Could the economy be improving?
Michigan Consumer Sentiment today came in at a six month high. It rose to 67.6 vs. last month’s 64.1. Our trade deficit narrowed as well and many see Christmas retail sales up. There is optimism that Europe will come out with a solution to its Euro problem.
Don’t believe it say some economists. “Of course, a simple scratch beneath the surface reveals what many realists suspect,” says Tyler Durden at Zero Hedge blog, “expectations for the future are the major driver of the headline number. Unfortunately we have seen exactly this pattern before. Not only are the levels and changes similar to Q3/Q4 2008 but the underlying events (recessionary concerns, banking liquidity concerns, crisis of confidence) are eerily similar. The we’ve-been-down-so-long-it-has-to-get-better crowd psychology is intriguing as the rise in hope over the past four months is the largest in over 30 months as the delta between current reality and the green green grass of next year drops. While animal spirits are arguably of interest in short term macro cycles, we note that the ramps in the hopium index ten to last 4-5 months at most and that is where we are now.”

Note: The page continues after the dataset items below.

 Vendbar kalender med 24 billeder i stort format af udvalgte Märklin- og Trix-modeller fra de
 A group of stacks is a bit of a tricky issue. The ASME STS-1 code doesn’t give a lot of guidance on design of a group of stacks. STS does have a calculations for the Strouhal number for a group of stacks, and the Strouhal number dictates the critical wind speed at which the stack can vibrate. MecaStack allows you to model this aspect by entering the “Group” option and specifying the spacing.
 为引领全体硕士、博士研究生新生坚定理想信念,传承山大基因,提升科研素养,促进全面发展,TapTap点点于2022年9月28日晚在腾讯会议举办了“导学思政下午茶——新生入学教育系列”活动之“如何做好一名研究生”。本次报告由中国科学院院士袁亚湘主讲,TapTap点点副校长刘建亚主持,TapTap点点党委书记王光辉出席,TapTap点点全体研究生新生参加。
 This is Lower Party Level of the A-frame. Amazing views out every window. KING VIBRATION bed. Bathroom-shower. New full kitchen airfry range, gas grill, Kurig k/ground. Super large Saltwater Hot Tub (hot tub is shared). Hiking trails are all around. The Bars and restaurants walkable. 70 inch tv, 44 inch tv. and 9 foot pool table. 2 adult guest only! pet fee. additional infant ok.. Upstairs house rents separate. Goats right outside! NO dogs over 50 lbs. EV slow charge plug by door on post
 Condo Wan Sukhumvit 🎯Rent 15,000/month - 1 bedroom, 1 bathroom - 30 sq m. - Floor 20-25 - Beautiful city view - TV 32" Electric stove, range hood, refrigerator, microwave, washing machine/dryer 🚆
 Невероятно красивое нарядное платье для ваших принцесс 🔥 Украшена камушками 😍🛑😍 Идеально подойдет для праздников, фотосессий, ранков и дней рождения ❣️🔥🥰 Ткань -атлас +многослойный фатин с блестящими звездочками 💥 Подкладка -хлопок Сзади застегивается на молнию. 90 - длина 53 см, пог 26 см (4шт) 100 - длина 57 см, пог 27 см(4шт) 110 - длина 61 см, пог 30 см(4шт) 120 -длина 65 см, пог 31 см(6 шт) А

He’s not alone in his pessimism. On Fox Business News this morning Dan Shaffer was dire. The author of “Profiting in Economic Storms” joined Stuart Varney to discuss Europe’s part in this. Here’s the exchange:
Varney asked if Europe is kicking the can down the road in their Euro solutions summit.

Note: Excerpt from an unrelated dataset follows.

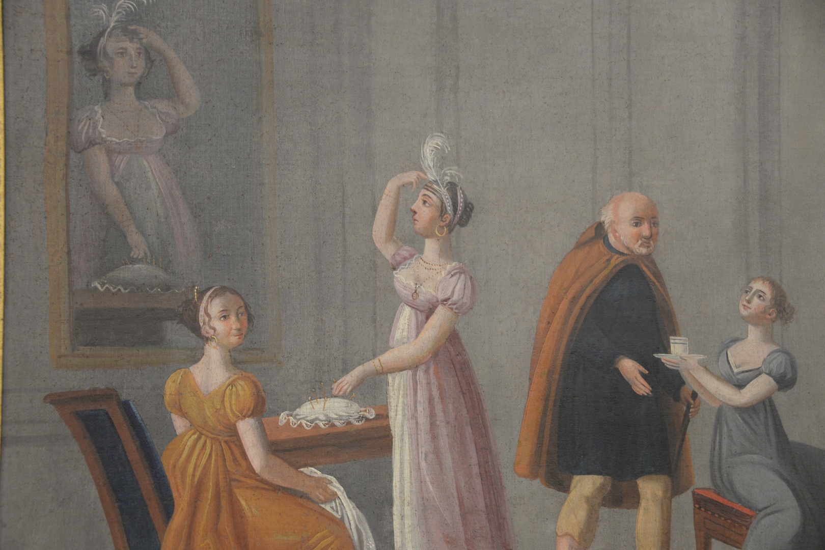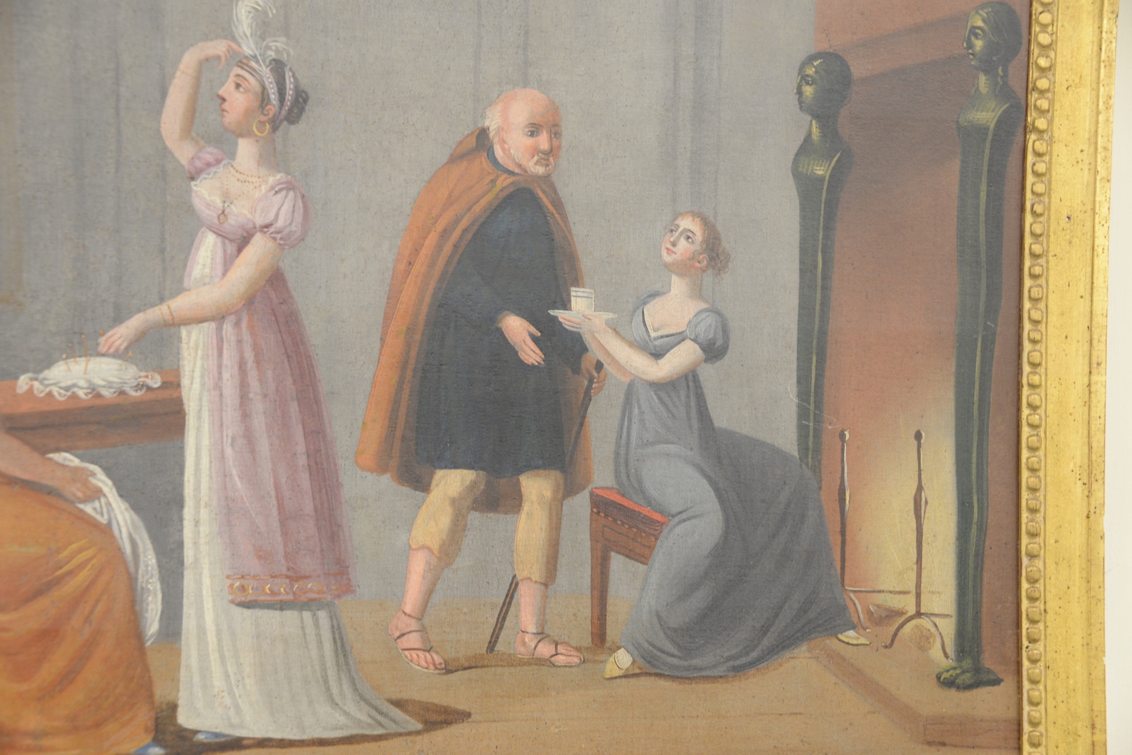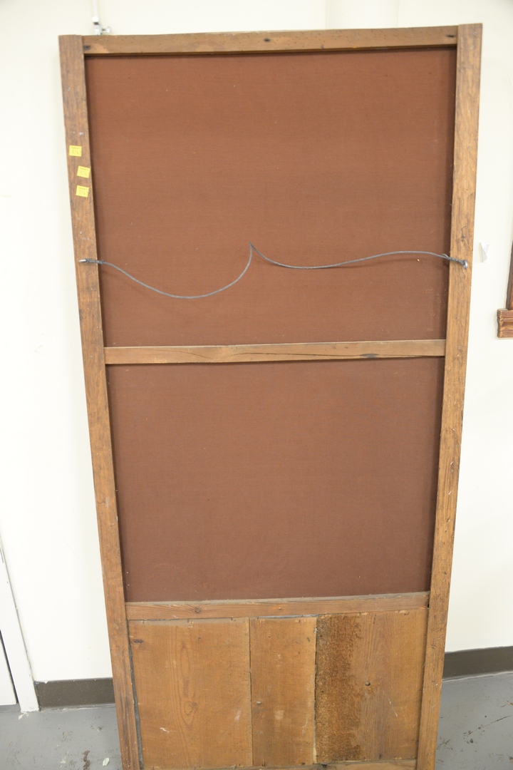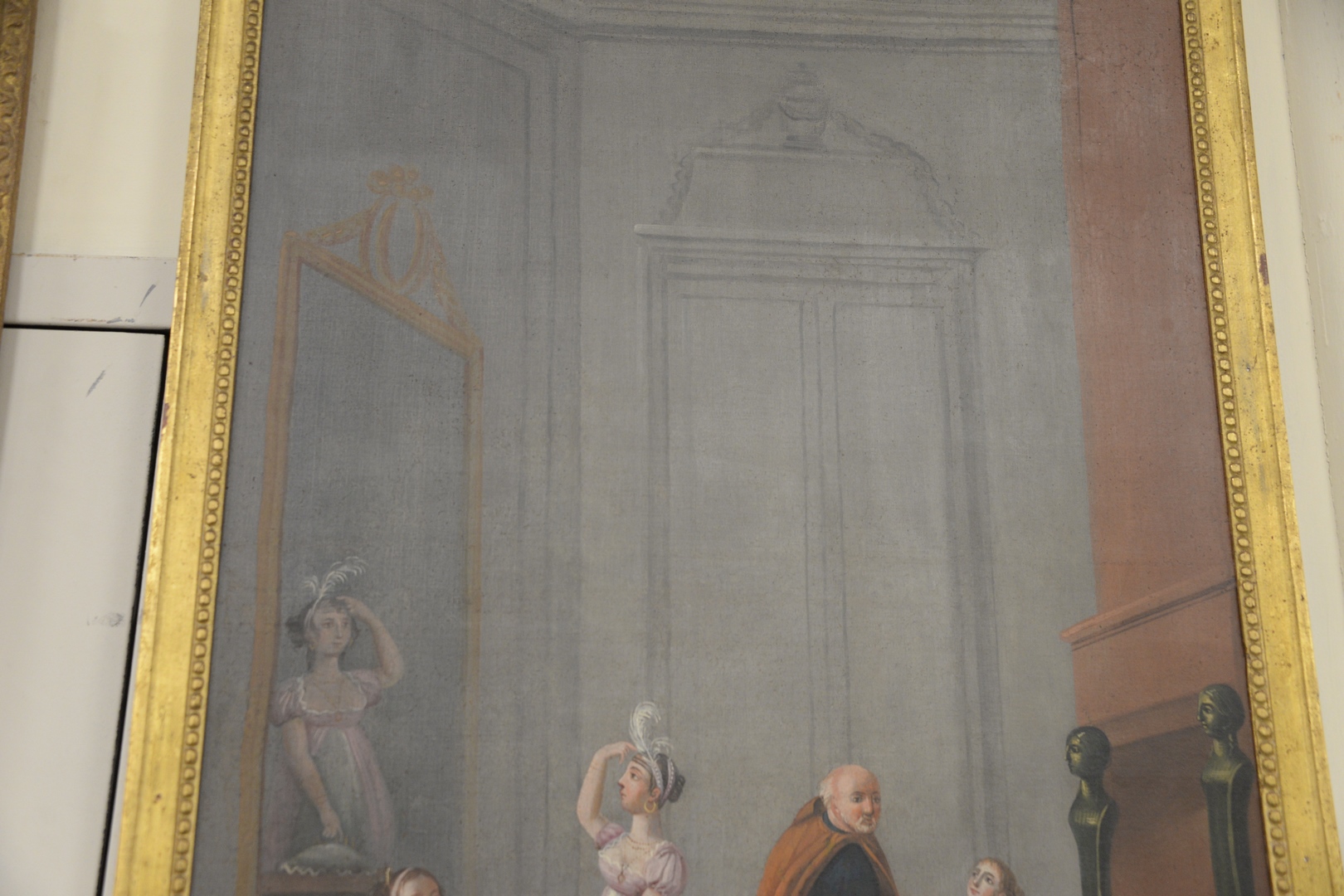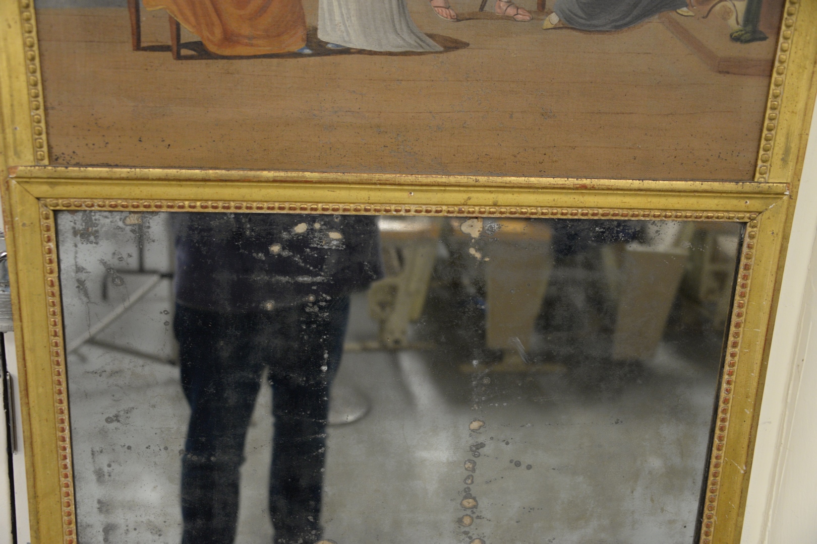 Lot 370: French Trumeau Mirror oil on canvas having large painted interior scene with figures 19th century 62 1/2 x 28 1/2
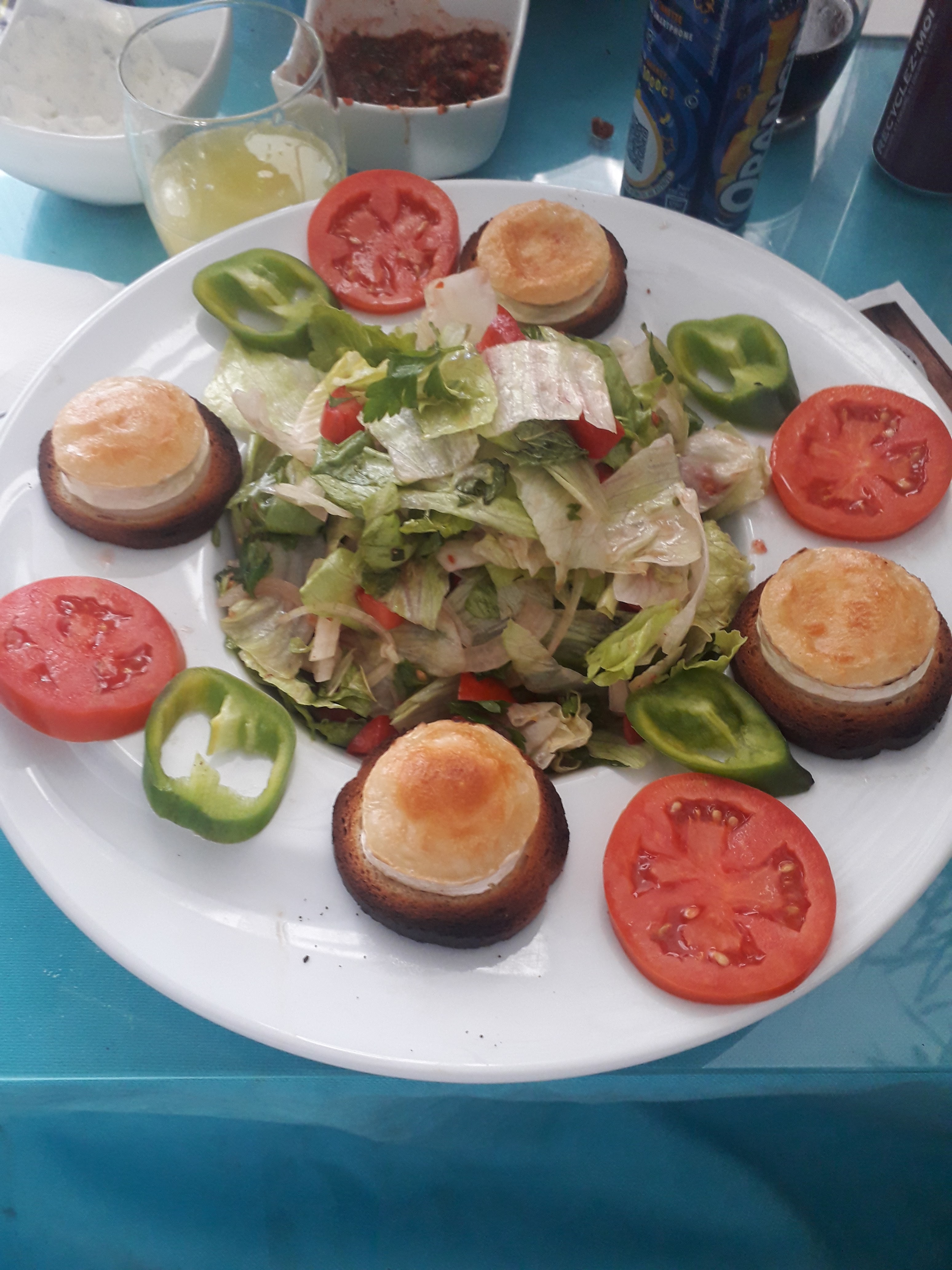 . Arrivés à 19h45’ Nous avions un bébé et espérions en finir au plus tard à 21h , nous fûmes servis a 21h14’ Et pour cela il fallait réclamer ses plats par deux fois . En un mot le service en terrasse est archi nul, d’ailleurs les tables ne sont même pas débarrassées ! Notre table la 53 était branlante , par 2X mon fils s’est attelé à la réparer qd il a trouvé le bout en fer qui y va au pied ,les serveurs l’ont vu et personne n’a fait le geste de s’en occuper ! Une étoile c’est chèrement récompensé ! Mon pide kebab contenait exactement 4 lamelles de viande , le fromage cachant le reste ,lol bravo l’arnaque ! C triste , vraiment triste ! La salade est un reliquat du midi certainement. J’ai les photos que je pourrais faire voir si le patron s’en soucie 😉 vraiment…sinon l’addition vaut bien plus que l’ensemble !

Shaffer concurred and said, “It’s a natural cycle. They’re trying to fight a natural deflationary cycle. It’s in its early stages. They’re going to try to pump more money into the banks to try to save these bonds. Where is this other money coming from? They’re just chasing something that is an inevitable cycle. It’s like 1932. That’s where we are.”
Varney: “How do you invest then?”
Shaffer: “This is what I wrote in my book a year ago. Short the Euro, short the stock market or get out of the stock market and buy U.S. treasuries and stay in cash and safe investments. That’s this part of the cycle. This is not the time to be chasing real estate or yields.”

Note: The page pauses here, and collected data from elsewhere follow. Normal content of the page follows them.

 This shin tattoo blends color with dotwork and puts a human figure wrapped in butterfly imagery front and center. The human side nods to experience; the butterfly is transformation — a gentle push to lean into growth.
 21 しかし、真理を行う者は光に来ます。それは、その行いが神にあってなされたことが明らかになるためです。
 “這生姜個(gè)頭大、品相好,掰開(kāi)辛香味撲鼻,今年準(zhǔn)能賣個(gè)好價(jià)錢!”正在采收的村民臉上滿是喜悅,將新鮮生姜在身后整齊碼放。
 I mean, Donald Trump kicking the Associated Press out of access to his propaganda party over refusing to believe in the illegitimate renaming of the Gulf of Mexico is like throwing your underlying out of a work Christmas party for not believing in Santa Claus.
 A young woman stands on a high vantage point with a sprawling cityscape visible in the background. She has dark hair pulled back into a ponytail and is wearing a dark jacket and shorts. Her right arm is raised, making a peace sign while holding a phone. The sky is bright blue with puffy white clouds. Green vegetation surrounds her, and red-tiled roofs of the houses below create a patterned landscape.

V: “We’re still in this part of the cycle?”
DS: “We’re in the early stages. This is going to last to 2013, could extend to 2016. Get out of commodities. This bubble is – again – we’re in the early stages of a deflationary depression. That means that people are going to start selling all asset classes so that they can raise cash because they’re not going to have enough money to fund themselves as incomes come down and asset classes fall apart.”
SV: “Deflationary depression?”
DS: “We had an inflationary depression in the 70s and now we’re into a deflationary depression.”
SV: “Europe’s headed for depression?”
DS: “The economies expand and economies contract. What we have now is almost every economy in the world is contracting and China is in the beginning of a contraction. The global economy is tied together. The Euro is just a part. On November 30, the last day of the month, the Federal Reserve in our country and 4 other Federal Reserves of other countries announced that they are pumping US dollars in the banking system in the next period of time. Why? What happened on November 30th? Debt is defaulting all over the world in U.S. dollars. I’m long in the dollar.”
Analyst Charles Payne noted that “cycles don’t have to happen. But if these countries continue to say we’re going to spend no matter what, vilify the rich, increase taxes instead of lowering them…”
DS: “No matter what they do they don’t have enough tax revenue to support the debt these countries are holding. So they are going to cut back on measures of spending money. Cutting back on spending money lowers GDP and it lowers economic growth. No matter what they do, they don’t have enough money to solve the problem.”